WHAT THE TASK REQUIRES - Using the material below, repeat exactly the lines from the one with "Powder & Baby Precious 75394" through the one with "Visit of Madagascar Study Team", ends included, without any images.
*** Opening of INPUT DATA ***
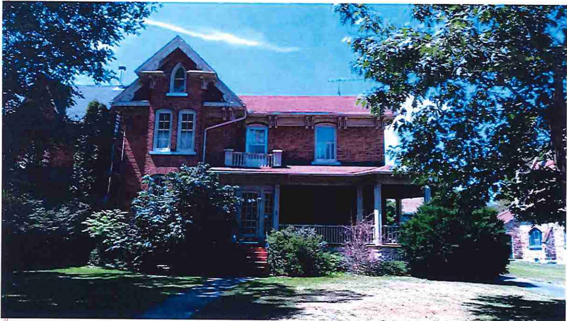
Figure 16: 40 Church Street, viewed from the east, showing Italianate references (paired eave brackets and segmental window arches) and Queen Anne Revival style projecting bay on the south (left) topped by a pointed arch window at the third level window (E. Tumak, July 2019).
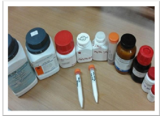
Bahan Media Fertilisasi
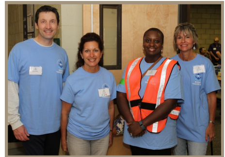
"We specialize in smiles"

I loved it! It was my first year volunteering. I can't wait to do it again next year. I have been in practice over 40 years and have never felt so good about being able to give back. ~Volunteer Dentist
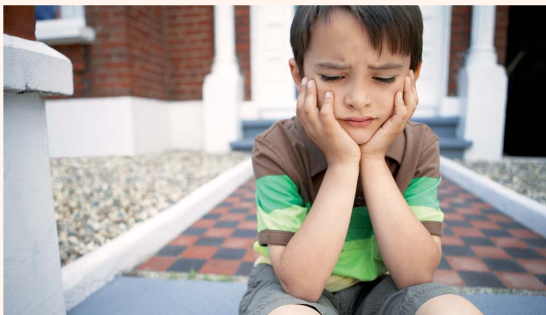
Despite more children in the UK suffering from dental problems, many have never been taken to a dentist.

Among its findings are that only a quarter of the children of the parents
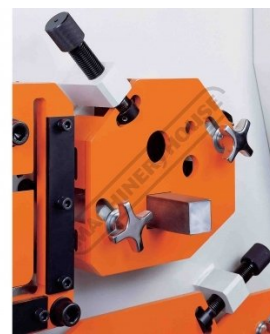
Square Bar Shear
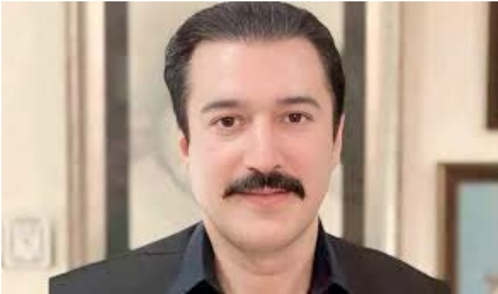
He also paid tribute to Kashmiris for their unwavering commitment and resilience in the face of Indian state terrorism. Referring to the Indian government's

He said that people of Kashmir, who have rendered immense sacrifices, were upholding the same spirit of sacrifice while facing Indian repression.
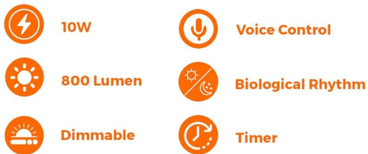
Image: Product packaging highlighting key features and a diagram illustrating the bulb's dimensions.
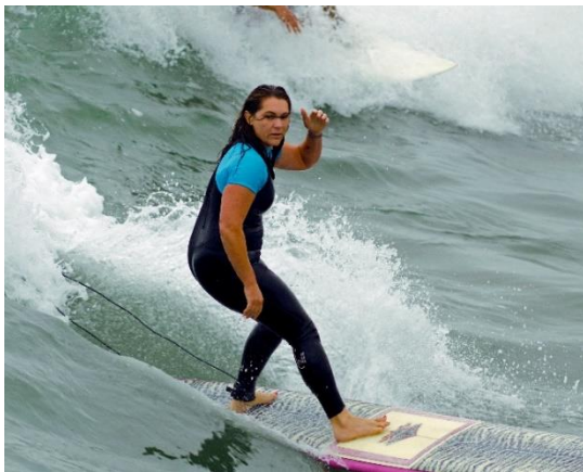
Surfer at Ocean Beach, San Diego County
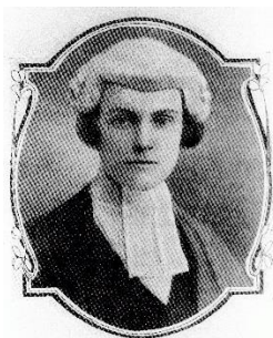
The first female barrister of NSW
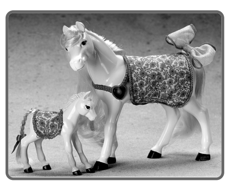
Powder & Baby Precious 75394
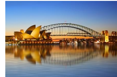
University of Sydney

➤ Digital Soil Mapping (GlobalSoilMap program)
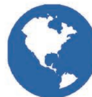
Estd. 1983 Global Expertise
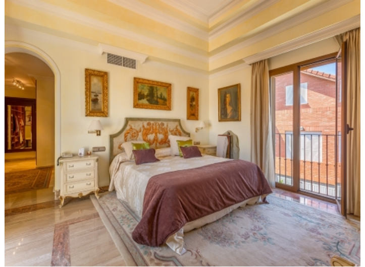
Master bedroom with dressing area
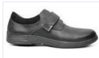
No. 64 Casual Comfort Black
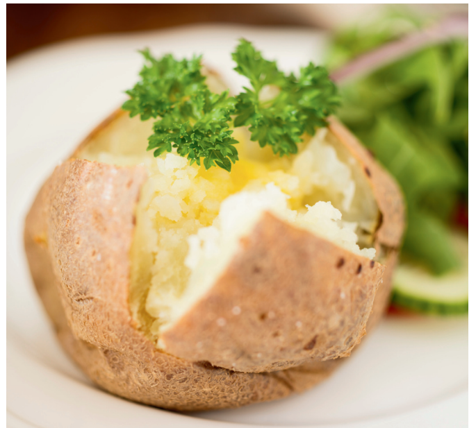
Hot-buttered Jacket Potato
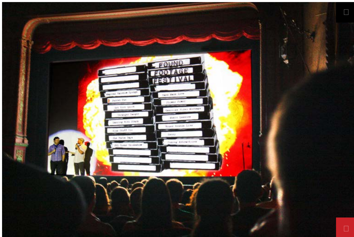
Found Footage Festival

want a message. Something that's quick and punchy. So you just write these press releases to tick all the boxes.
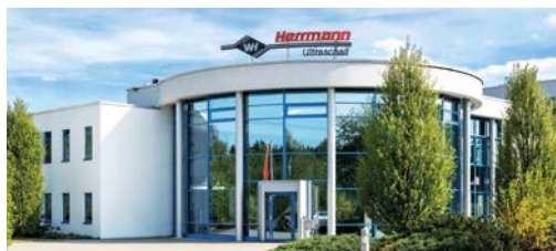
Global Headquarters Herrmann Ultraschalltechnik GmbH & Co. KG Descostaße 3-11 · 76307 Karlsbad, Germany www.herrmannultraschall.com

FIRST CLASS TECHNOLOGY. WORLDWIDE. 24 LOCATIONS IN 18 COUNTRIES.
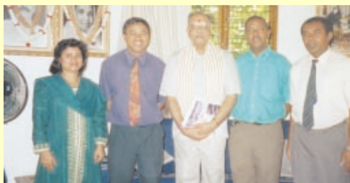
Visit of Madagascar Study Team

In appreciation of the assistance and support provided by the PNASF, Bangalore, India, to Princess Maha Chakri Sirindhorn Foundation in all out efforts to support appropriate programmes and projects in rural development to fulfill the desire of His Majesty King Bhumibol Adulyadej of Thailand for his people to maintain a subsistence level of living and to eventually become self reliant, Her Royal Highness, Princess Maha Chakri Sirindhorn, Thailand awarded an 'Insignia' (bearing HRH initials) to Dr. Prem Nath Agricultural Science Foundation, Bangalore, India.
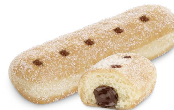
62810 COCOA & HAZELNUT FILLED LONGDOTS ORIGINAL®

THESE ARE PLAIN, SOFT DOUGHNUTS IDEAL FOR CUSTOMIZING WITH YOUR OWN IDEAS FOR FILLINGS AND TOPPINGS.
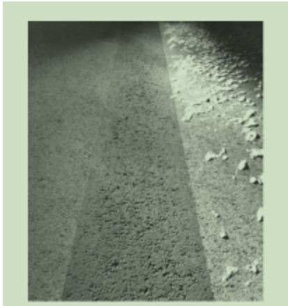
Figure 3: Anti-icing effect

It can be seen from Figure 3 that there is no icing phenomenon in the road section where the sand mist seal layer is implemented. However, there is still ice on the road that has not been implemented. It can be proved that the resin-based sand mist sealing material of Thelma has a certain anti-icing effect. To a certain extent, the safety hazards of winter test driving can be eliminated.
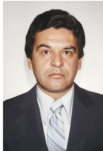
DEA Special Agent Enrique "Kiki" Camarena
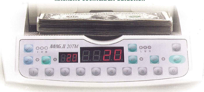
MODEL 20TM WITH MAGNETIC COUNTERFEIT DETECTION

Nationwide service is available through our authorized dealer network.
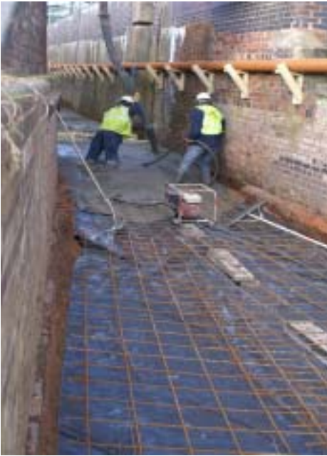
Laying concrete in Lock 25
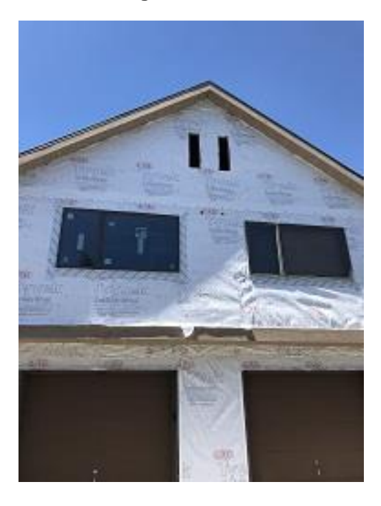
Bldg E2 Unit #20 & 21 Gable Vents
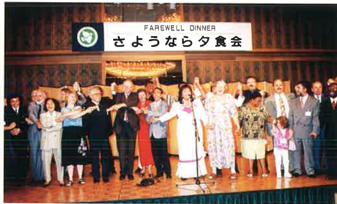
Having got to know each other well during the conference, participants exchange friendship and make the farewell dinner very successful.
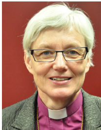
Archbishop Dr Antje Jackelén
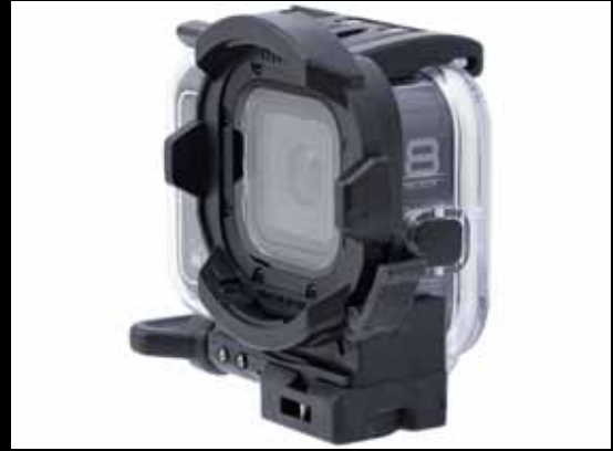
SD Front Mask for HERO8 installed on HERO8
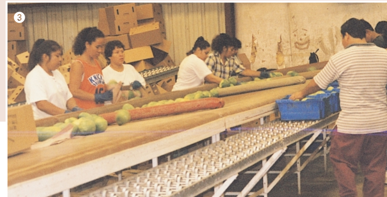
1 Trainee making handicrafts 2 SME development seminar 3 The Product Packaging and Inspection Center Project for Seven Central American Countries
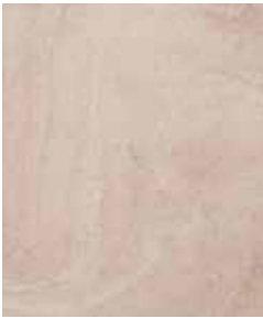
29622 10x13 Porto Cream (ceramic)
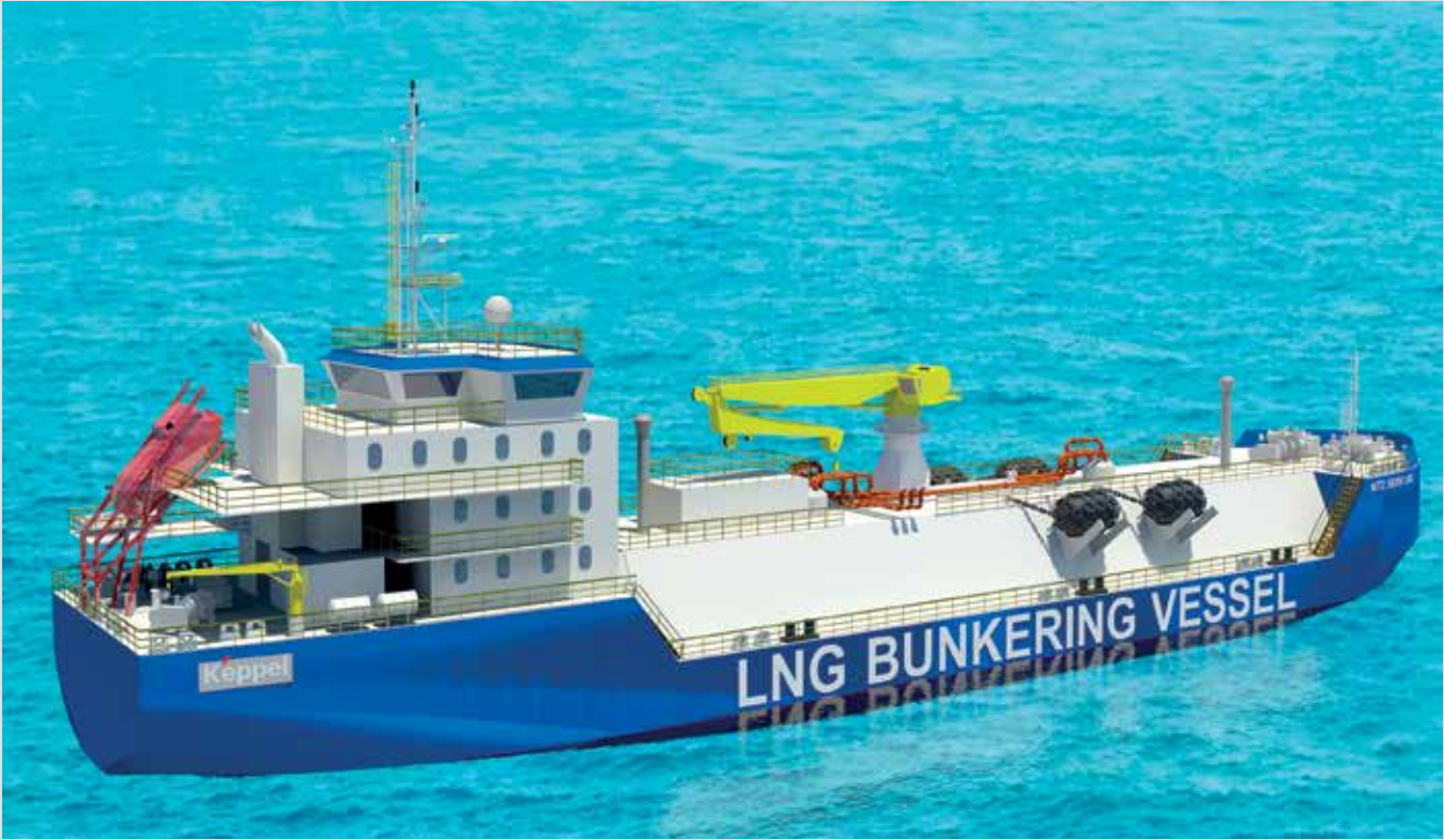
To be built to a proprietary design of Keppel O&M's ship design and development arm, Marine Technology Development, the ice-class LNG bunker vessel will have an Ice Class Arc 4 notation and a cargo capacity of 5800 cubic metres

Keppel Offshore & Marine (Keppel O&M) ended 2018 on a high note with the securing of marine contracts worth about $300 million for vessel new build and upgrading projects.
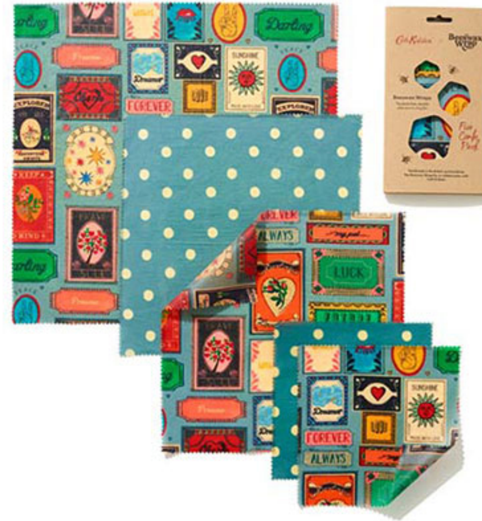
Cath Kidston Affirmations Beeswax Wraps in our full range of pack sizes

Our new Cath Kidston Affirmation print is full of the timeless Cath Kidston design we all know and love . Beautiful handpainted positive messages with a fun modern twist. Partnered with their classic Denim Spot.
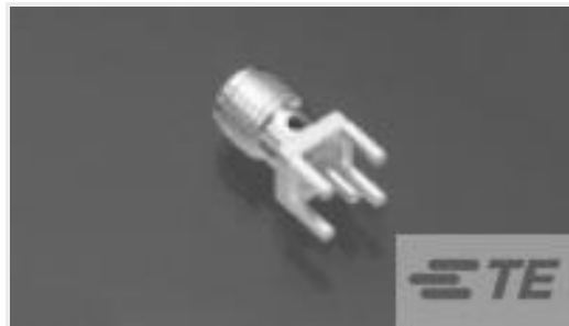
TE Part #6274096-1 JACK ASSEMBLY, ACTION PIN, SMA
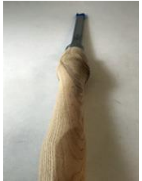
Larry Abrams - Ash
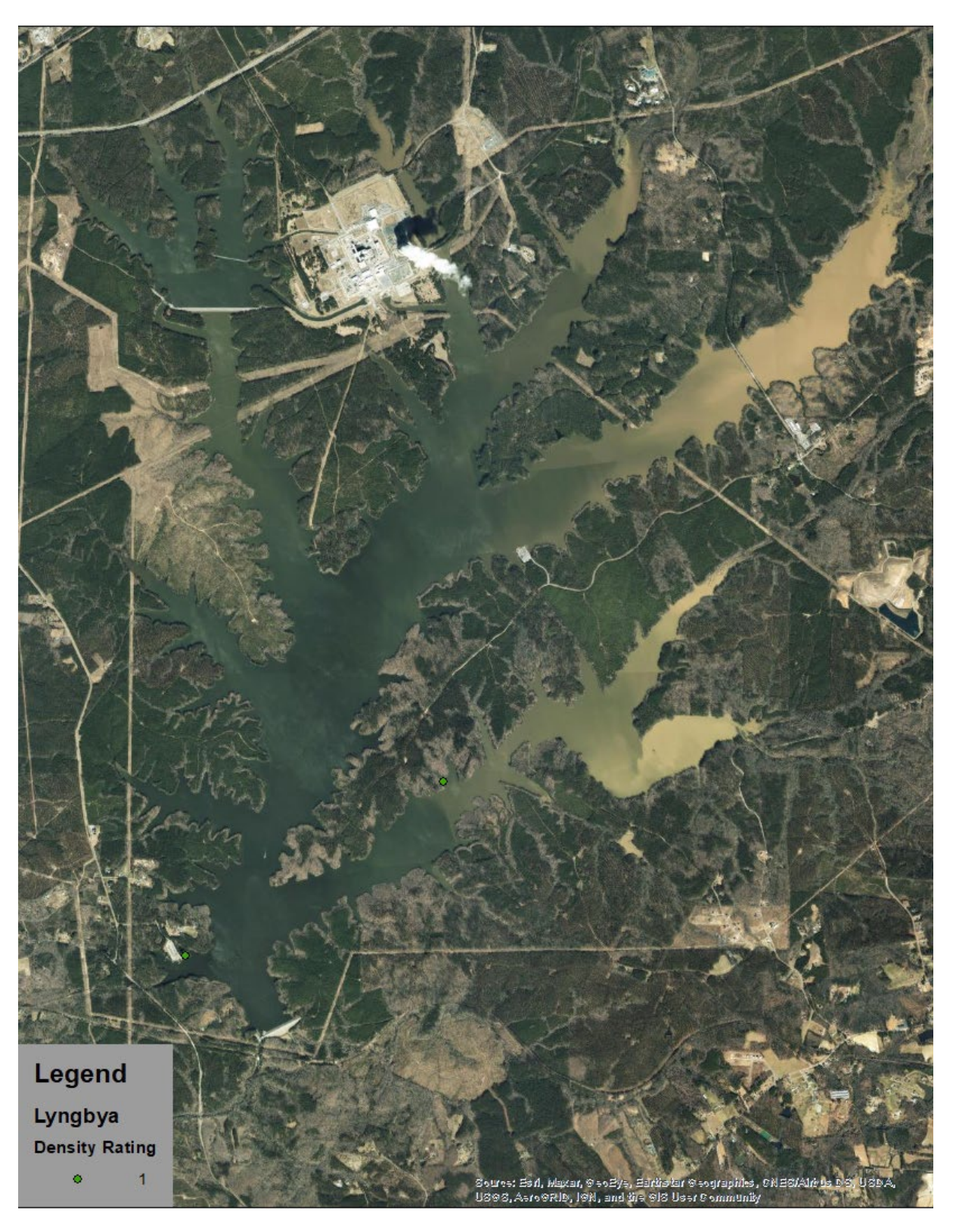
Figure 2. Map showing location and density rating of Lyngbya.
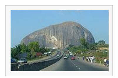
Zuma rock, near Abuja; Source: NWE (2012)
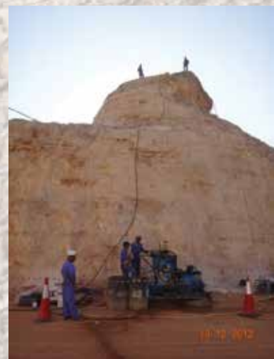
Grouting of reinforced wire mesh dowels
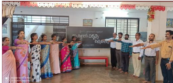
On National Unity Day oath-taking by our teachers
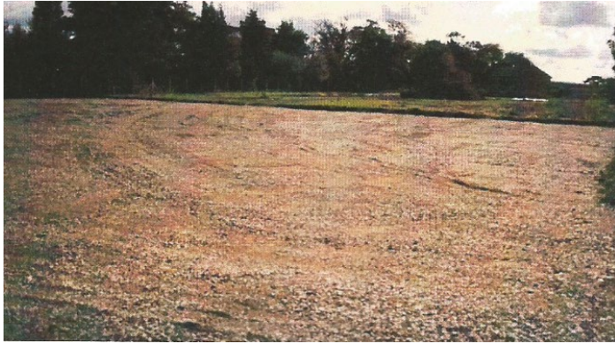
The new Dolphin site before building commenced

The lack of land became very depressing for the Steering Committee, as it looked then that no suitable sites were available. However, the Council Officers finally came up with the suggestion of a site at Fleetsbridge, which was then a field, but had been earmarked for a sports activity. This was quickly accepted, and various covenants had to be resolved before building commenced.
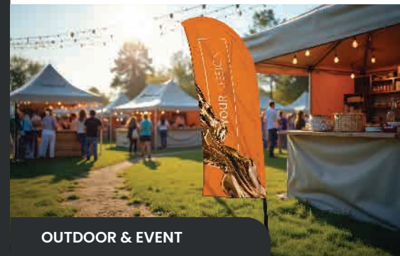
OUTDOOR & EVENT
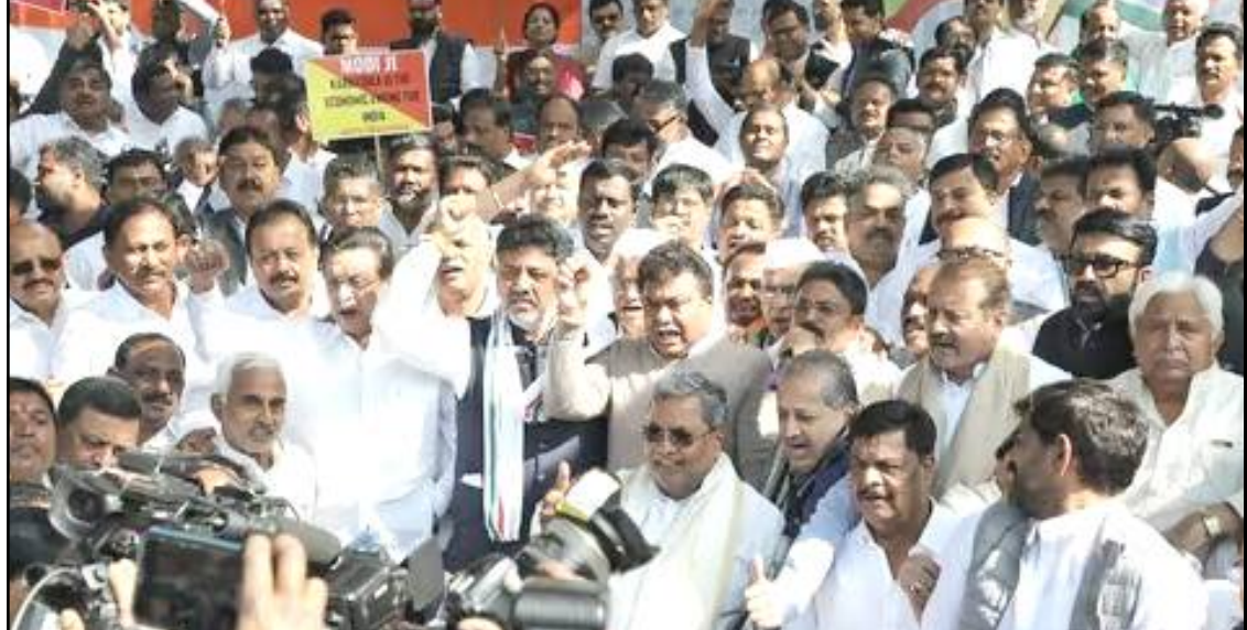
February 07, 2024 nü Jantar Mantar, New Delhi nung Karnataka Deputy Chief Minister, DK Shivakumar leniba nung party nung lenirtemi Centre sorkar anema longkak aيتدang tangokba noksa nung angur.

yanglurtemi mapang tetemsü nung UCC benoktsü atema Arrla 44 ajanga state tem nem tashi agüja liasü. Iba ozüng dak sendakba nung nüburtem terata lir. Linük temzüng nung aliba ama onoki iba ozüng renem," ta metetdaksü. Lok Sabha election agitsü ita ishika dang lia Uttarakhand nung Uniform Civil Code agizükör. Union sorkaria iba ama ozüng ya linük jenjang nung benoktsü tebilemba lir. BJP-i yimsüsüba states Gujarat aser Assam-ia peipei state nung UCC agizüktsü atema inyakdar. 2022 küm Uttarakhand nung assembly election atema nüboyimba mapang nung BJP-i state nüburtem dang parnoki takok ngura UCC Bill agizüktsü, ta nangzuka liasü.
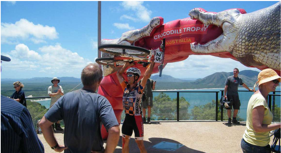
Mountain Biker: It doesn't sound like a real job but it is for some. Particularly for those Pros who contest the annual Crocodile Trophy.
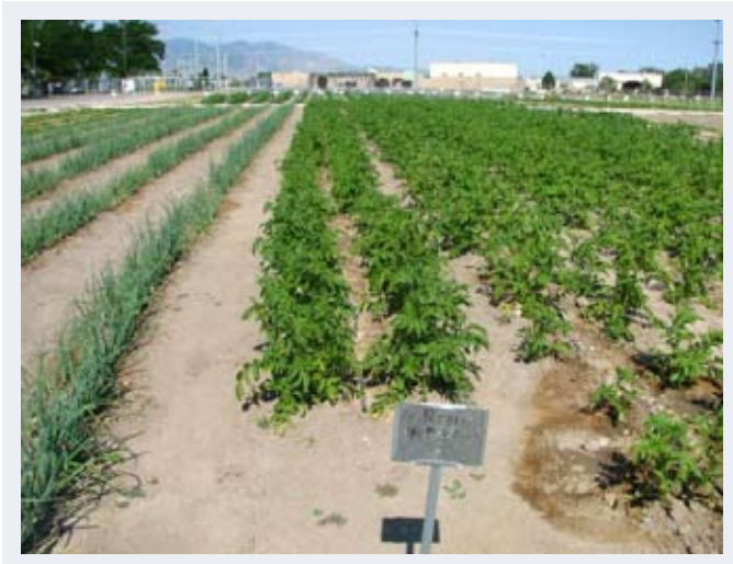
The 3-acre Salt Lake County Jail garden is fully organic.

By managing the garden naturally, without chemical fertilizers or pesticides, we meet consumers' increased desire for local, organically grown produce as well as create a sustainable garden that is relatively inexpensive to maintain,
*** Close of INPUT DATA ***
WRITTEN SOLUTION -
Powder & Baby Precious 75394
University of Sydney

➤ Digital Soil Mapping (GlobalSoilMap program)
Estd. 1983 Global Expertise
Master bedroom with dressing area
No. 64 Casual Comfort Black
Hot-buttered Jacket Potato
Found Footage Festival

want a message. Something that's quick and punchy. So you just write these press releases to tick all the boxes.
Global Headquarters Herrmann Ultraschalltechnik GmbH & Co. KG Descostaße 3-11 · 76307 Karlsbad, Germany www.herrmannultraschall.com

FIRST CLASS TECHNOLOGY. WORLDWIDE. 24 LOCATIONS IN 18 COUNTRIES.
Visit of Madagascar Study Team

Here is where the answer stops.